From: Prasanna Kumar Jayapal (prasak_at_winse.microsoft.com)
Date: Mon Jan 12 2004 - 17:10:10 PST
This paper describes the design of the core (kernel) of the operating
system for an early multiprocessor machine. It nicely explains the basic
design concepts and philosophy without going deep into the
implementation details.
It seems Hydra was built with the intention to "separate mechanism and
policy" and not to make it hierarchically layered. Furthermore,
Protection and Reliability were also considered as their design goals.
This allows for a lot of flexibility without compromising on the
security. Also the system administrator can easily customize the system
to
perform the way he desires in more situations.
In the overview section, the author explains the three main object
types: procedures, LNS and processes.
- The procedure object contains some code and some data and contains a
list of references to other objects which must be accessed during the
execution of the code. This list is the list of capabilities, references
to objects that are to be accessed along with some access rights.

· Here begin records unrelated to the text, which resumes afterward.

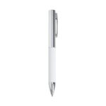 Caneta metálica com carga esferográfica azul e acionamento por rotação.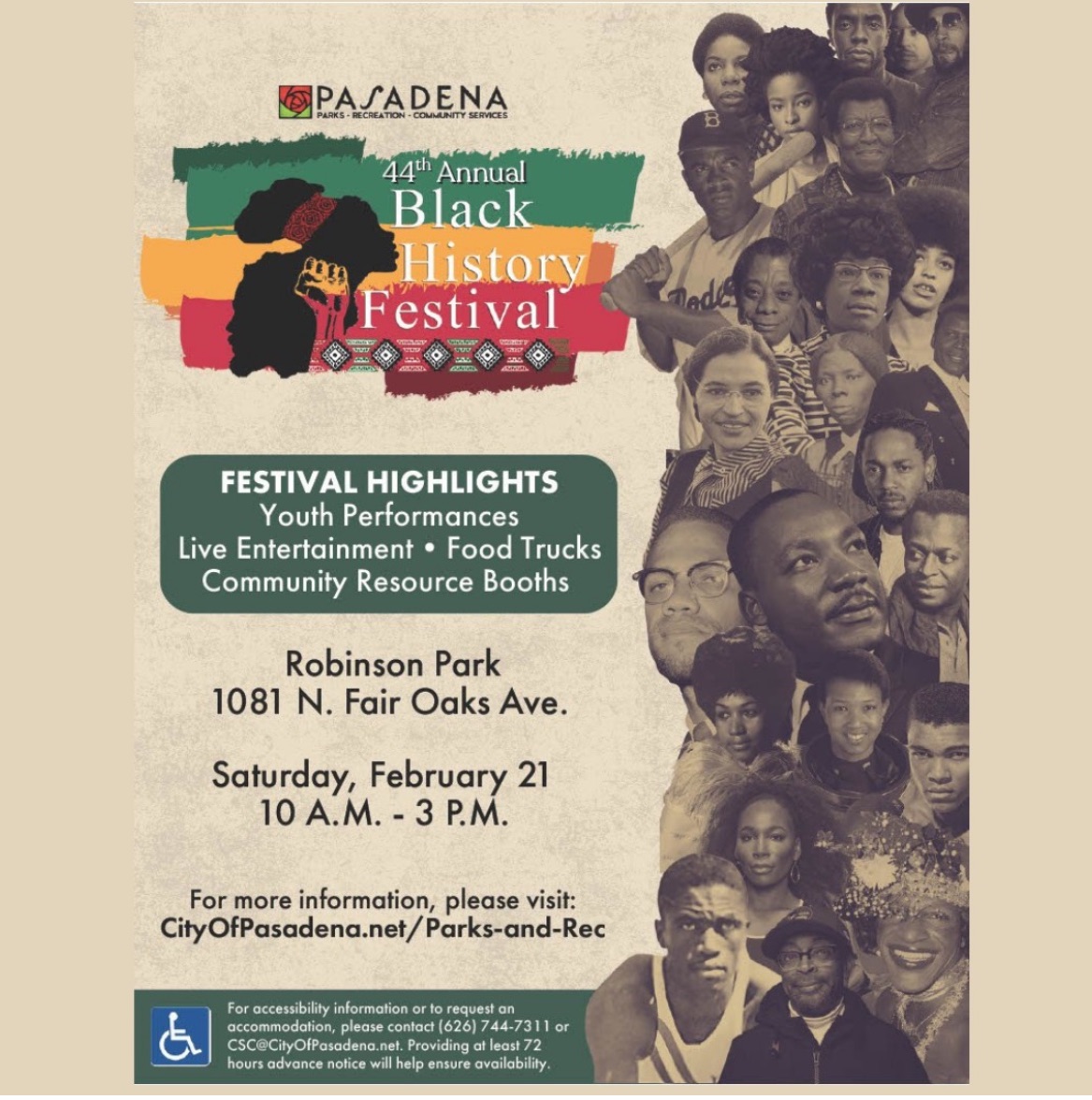 Pasadena Black History Festival Saturday, Feb. 21 • 10am-3pm Robinson Park, 1081 N. Fair Oaks Ave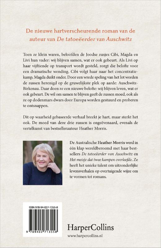 Adembenemende roman van de bestsellerauteur van De tatoeëerder van Auschwitz. Toen ze klein waren, beloofden de Joodse zusjes Cibi, Magda en Livi hun vader: wij blijven samen, wat er ook gebeurt. Als Livi op haar vijftiende op transport wordt gesteld, zorgt die belofte voor een dramatische wending. Cibi volgt haar naar het concentratiekamp, Magda duikt onder. Door een wrede speling van het lot worden de zussen herenigd op de gruwelijkste plek op aarde: Auschwitz-Birkenau. Daar doen ze een nieuwe belofte: wij blijven leven, wat er ook gebeurt. De wil om samen te blijven geeft de zussen moed, ook als ze op dodenmars dwars door Europa worden gestuurd en proberen te ontsnappen. Dit op waarheid gebaseerde verhaal breekt je hart, maar sterkt het ook. De moed van deze drie zussen is ongeëvenaard, evenals de vertelkunst van bestsellerauteur Heather Morris. Over het werk van Heather Morris: ‘Een mooi, indrukwekkend en aangrijpend verhaal over familie, belofte, kracht en hoop.’ Hebban ‘Dit prachtige liefdesverhaal laat niemand onberoerd.’ Libelle ‘Enorm tot de verbeelding sprekend.’ Gazet van Antwerpen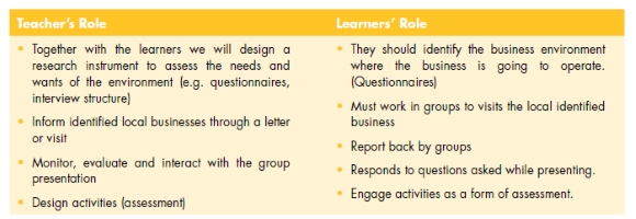 After analysing lesson plans for Business Studies designed by subject-advisors, one can clearly differentiate the roles of the teacher and learners for every lesson. Each step of the lesson has clear activities for the teacher and learners. These activities are determined and linked with learning goals, as well as designed to help learners achieve desired outcomes. The table below adapted from the Department of Education, Eastern Cape Lesson Plan Business Studies 2009 outlines the activities of the teacher and learners that will be done during the lesson. This clearly shows how the teachers plan to incorporate learners in the lesson and make sure that they have work to do from the beginning to the end.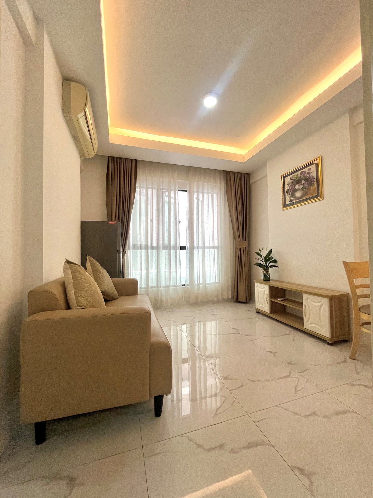 Njut av en lyxig vistelse i vår vackert omdesignade lägenhet med förstklassiga apparater (65-tums smart-TV, fullt utrustat kök, kylskåp, tvättmaskin, smart AC, japansk toalett...) med kvalitetsmadrass och soffa. Perfekt för familjer🥰, företagsledare 💻 eller härliga par. ❤️Fullständiga bekvämligheter och tjänster: Biz lounge, mötesrum, golfsimulator, Sky bar, pool, gym, café och lekplats för barn. Extra sängar finns tillgängliga för fler än 3 gäster. Vi fortsätter alltid att göra vårt hus bättre!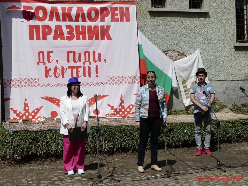 По повод храмовия празник на с. Кортен, на 11 май се състоя първият Фолклорен празник "Де, гиди, Кортен", организиран от НЧ "Светлина-1872" с подкрепата на Община Нова Загора и Кметство с. Кортен. Домакин на културното събитие бе Вокална група "Златен грозд", която тази година отбелязва двадесет годишен юбилей от своята творческа дейност. Дошли да се насладят на красотата на българското народно пеене, сред присъстващите бяха кметът на Община Нова Загора Галя Захариева и нейният екип, общински съветници и кметове на населени места от общината. Г-жа Захариева изрази своята благодарност към организаторите за създаването на този празник и увери присъстващите, че ръководството на Община Нова Загора винаги ще подкрепя подобни инициативи, защото именно те ни съхраняват и пазят като народ. В музикалния празник премериха сили и показаха своите певчески умения: Женски хор „Кохортис” с ръководител Валентина Таукчи при НЧ „Светлина - 2000“, с. Кортен; Певческа група „Селски хубавелки“ с ръководител Младен Петков при НЧ „Надежда - 1902“, с. Полско Пъдарево; Певческа група "Златна праскова" при НЧ "П. Хилендарски- 1928", с. Червенаково; Женска фолклорна група "Тунджа пее" с ръководител Дяко Дяков при НЧ "П. Енев - 1932",с. Баня и Женска певческа група с ръководител Цанка Атанасова при НЧ "Отец Паисий-1927", с. Мечка, обл. Русе. Даровитите изпълнители бяха оценявани от жури в състав: Георги Петков - музикант, хореограф и дългогодишен художествен ръководител на Вокална група "Златен грозд" и Пепа Коджабашева - гъдулар и народна певица. Специален подарък към присъстващите поднесоха талантите от Танцов клуб "Балига“ към НЧ „Светлина – 1872“, с ръководител Росица Мангърова, които възхитиха с невероятните си танцови изпълнения. Всички участници получиха дипломи и подаръчни статуетки, осигурени от НЧ "Светлина-1872", с. Кортен. Специалната награда за "Най-добра певческа група" и приз "Де, гиди, Кортен " бяха връчени на Женска фолклорна група "Тунджа пее" при НЧ "П. Енев - 1932", с. Баня.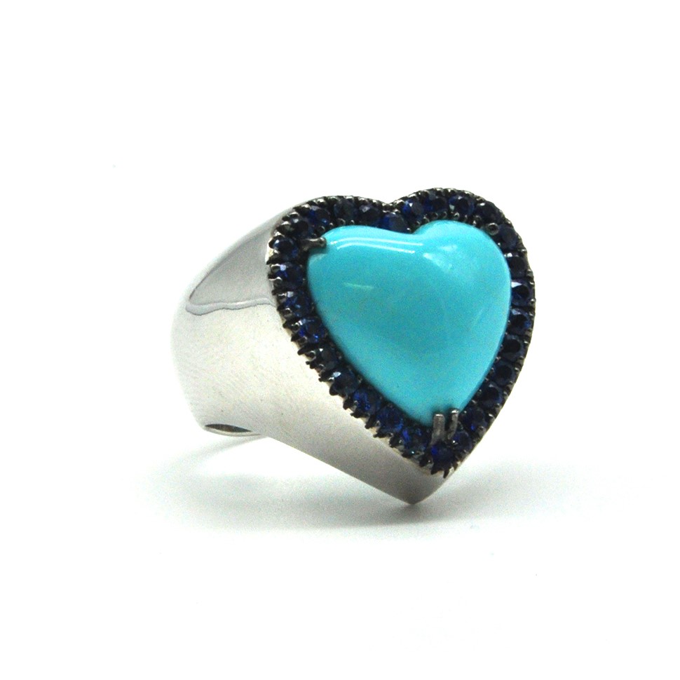 Ring with an exclusive design, handmade in our laboratory in white gold 750 / °°° , heart-shaped turquoise cabochon and contour of brilliant cut blue sapphires with a total weight of 0.84 carats.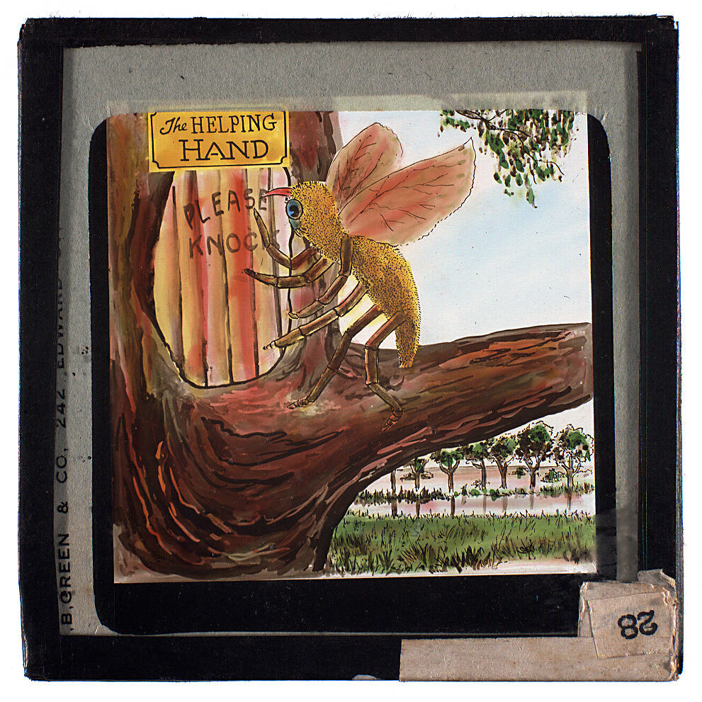 Lantern slide of coloured drawing of an insect depicted as a 'Helping Hand'. Made by T.W. Cameron, Melbourne, Victoria, circa 1930s-1940s.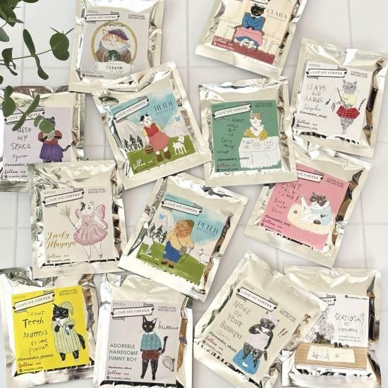 ドリップバッグのイラストはすべて、LOVE&Co.さんが描いた実在の保護猫たちです。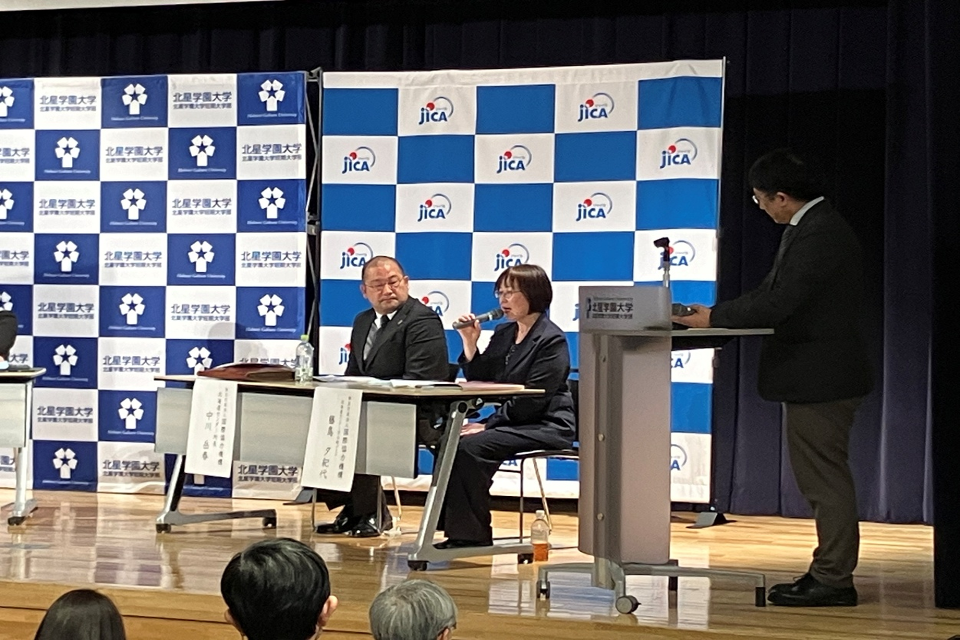 署名式後には、「対話から始める北星学園大学の国際協力」と題するパネルトークが本学の片岡国際教育センター長の司会進行により行われました。パネリストとして、JICA北海道センターの中川所長、本学卒業生でもあるJICA北海道センター苫小牧デスクの藤島さん、本学から中村学長と浦野教授の4名が登壇し、異文化に飛び込んでいく国際協力の現場においては、情熱と対話力が重要であると語られました。また、学生からの質問に対し、中川所長より丁寧にご回答頂く場面もありました。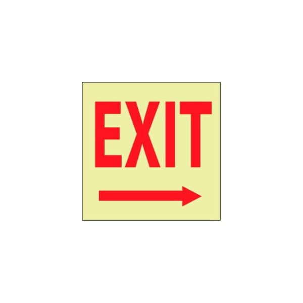 Glow fire safety signs fire safety signs exit/right arrow -rigid plastic glow fire safety signs feature large text and easily understood graphics to increase first glance comprehension. Signs comply with osha & nfpa requirements. Signs do not require mechanical or electrical power source. Provides an illumination duration time of 6+ hours. Meets osha and astm requirements.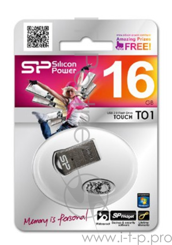 Флеш Диск 16GB SILICON POWER Touch T01 черный/серебристый, SP016GBUF2T01V1K, USB 2.0

- LNS (local name space) is the record of the execution environment of a
procedure when it is called. The LNS contains all capabilities that are
the independent ones with the caller dependent ones that are determined
by the time of the invocation.
- A process is simply a stack of LNS's which represent the cumulative
state of a single sequential task.
The protection mechanism was interesting to read, especially the
following points:
- Rejection of hierarchical system structures and the justification
given to it. This is an interesting idea and was totally contrasting to
the well layered system described in the Dijkstra's paper.
- Everything in Hydra is considered an object (in the abstract notion)
which has a unique name, type part and a representation (capability part
and data part). This kind of gives an object oriented approach in
designing the kernel.
- The capabilities of the object can only be modified by the kernel and
so are safe from
malicious intent from user programs.
- Objects do not have owners. This way no one can force unintended
access to an
object. All access is completely controlled inside the kernel, allowing
a
very tightly locked-down system to be created if so desired.
Overall, it was an interesting paper to read with some contrasting
ideas. And I think this was the beginning of object oriented thinking
with a lot of emphasis on flexibility in the Kernel design.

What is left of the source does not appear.